(Beginning of MATERIAL PROVIDED)

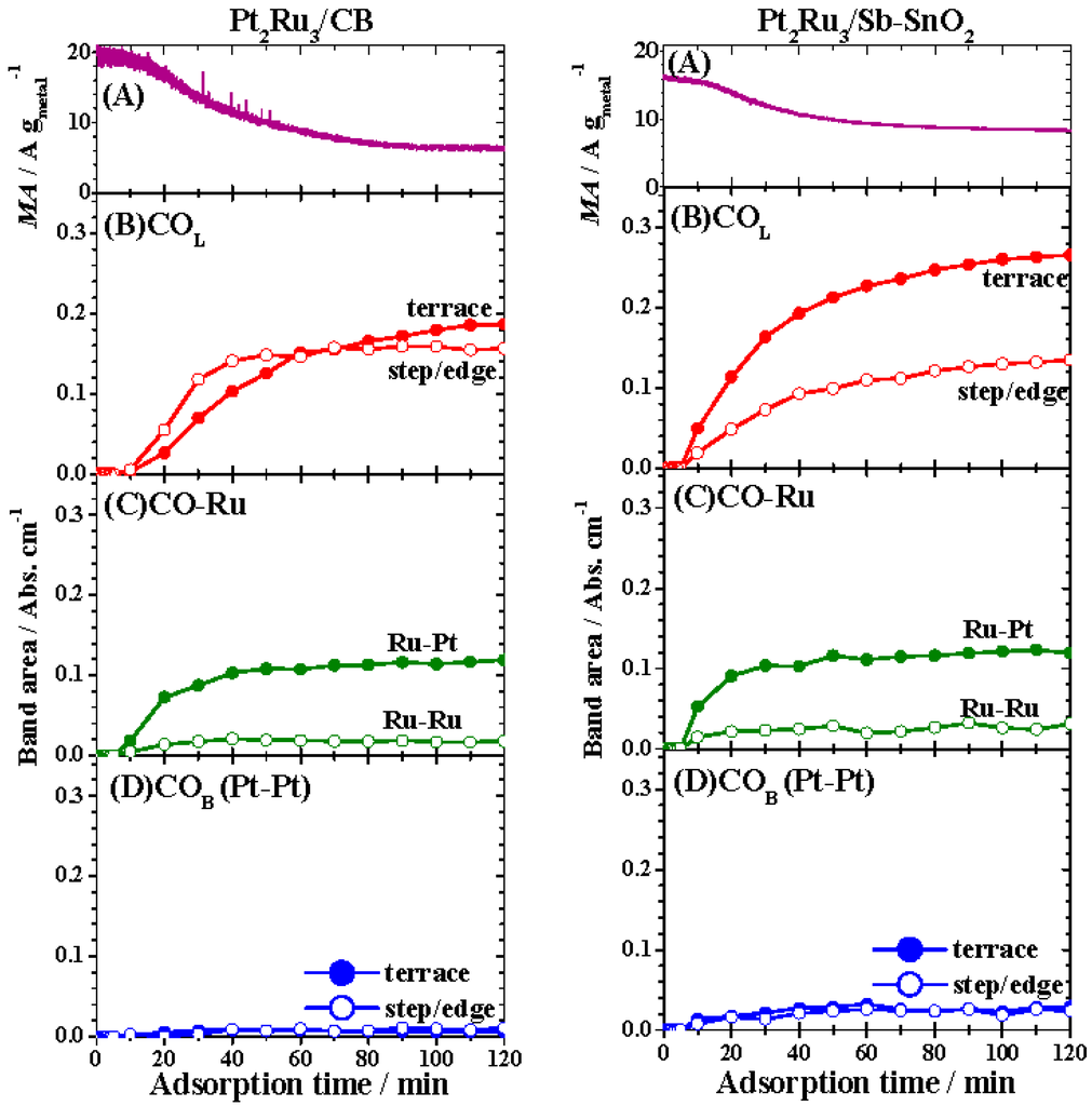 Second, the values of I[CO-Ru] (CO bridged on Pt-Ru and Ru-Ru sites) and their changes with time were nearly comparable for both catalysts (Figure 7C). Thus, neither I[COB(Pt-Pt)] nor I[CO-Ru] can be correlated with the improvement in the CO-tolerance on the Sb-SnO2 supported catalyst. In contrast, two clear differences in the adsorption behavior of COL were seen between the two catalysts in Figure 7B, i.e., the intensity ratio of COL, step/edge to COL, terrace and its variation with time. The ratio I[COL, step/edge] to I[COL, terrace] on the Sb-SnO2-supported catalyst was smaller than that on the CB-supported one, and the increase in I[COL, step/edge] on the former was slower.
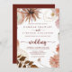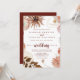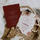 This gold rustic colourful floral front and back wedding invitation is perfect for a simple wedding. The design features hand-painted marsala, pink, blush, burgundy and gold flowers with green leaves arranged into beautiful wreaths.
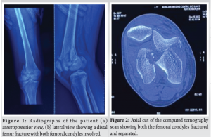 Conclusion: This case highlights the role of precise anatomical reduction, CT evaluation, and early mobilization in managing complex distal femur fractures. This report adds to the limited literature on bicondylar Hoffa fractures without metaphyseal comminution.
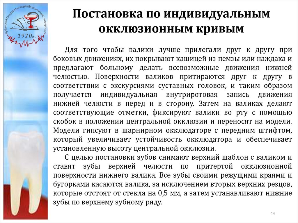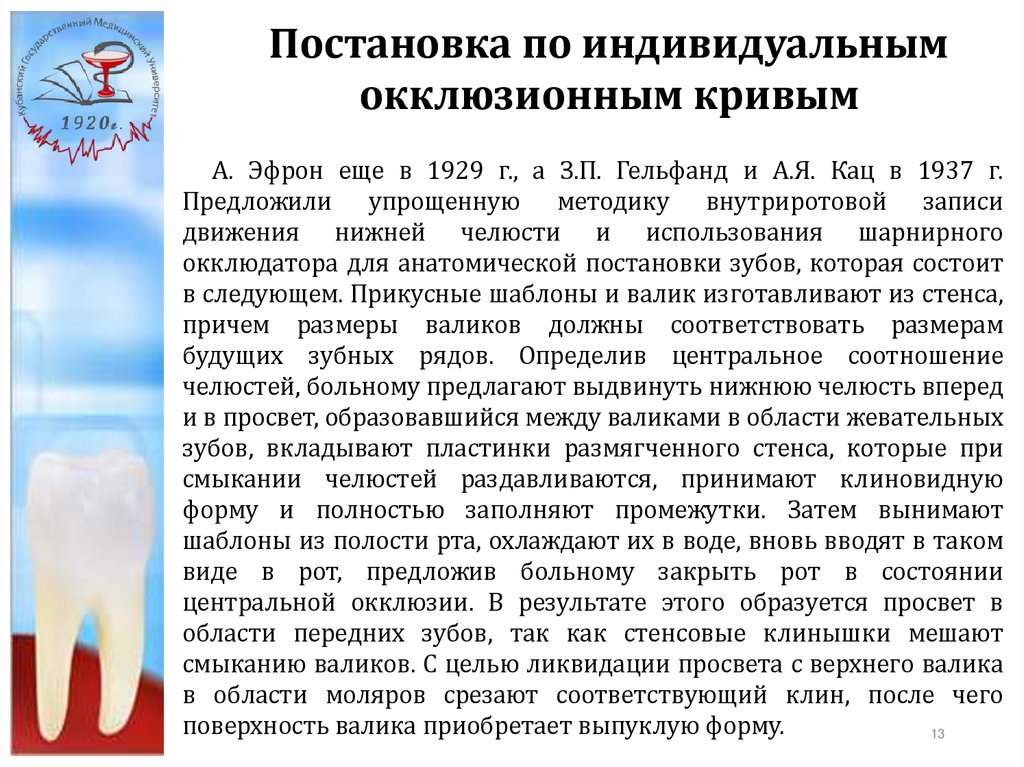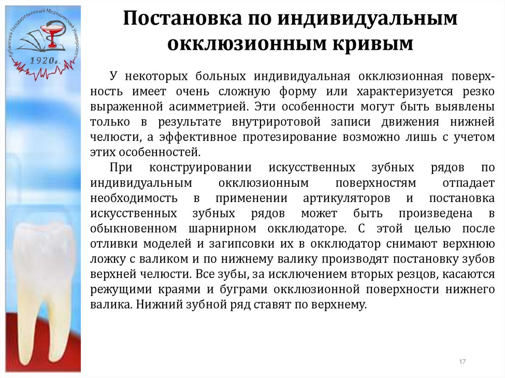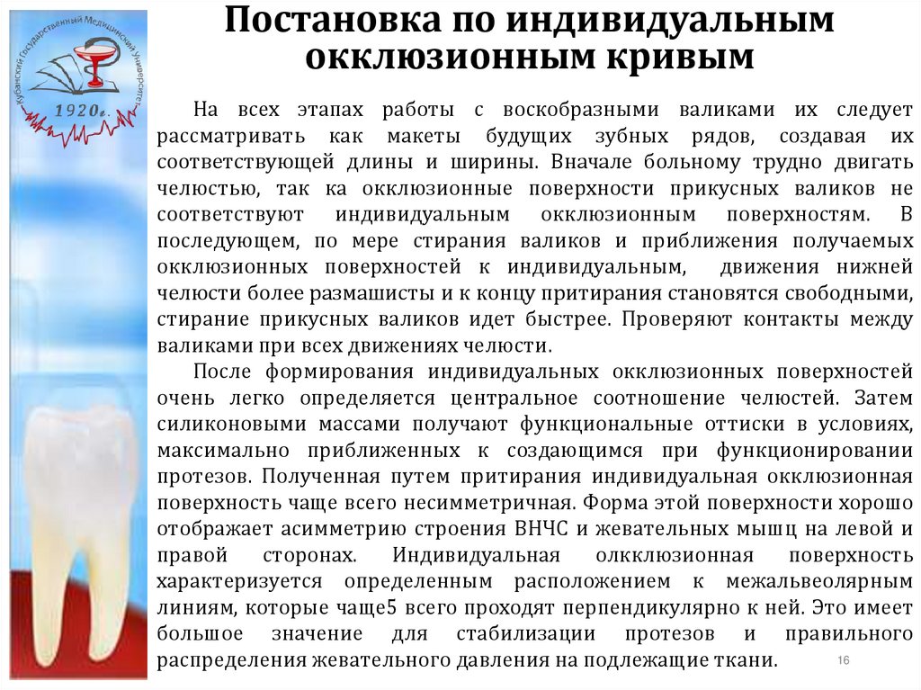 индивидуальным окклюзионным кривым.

(End of MATERIAL PROVIDED)

:: REQUIREMENT ::
The result should be the material above, unchanged and free of pictures; please print it.

:: RESPONSE ::
 Second, the values of I[CO-Ru] (CO bridged on Pt-Ru and Ru-Ru sites) and their changes with time were nearly comparable for both catalysts (Figure 7C). Thus, neither I[COB(Pt-Pt)] nor I[CO-Ru] can be correlated with the improvement in the CO-tolerance on the Sb-SnO2 supported catalyst. In contrast, two clear differences in the adsorption behavior of COL were seen between the two catalysts in Figure 7B, i.e., the intensity ratio of COL, step/edge to COL, terrace and its variation with time. The ratio I[COL, step/edge] to I[COL, terrace] on the Sb-SnO2-supported catalyst was smaller than that on the CB-supported one, and the increase in I[COL, step/edge] on the former was slower.
 This gold rustic colourful floral front and back wedding invitation is perfect for a simple wedding. The design features hand-painted marsala, pink, blush, burgundy and gold flowers with green leaves arranged into beautiful wreaths.
 Conclusion: This case highlights the role of precise anatomical reduction, CT evaluation, and early mobilization in managing complex distal femur fractures. This report adds to the limited literature on bicondylar Hoffa fractures without metaphyseal comminution.
 индивидуальным окклюзионным кривым.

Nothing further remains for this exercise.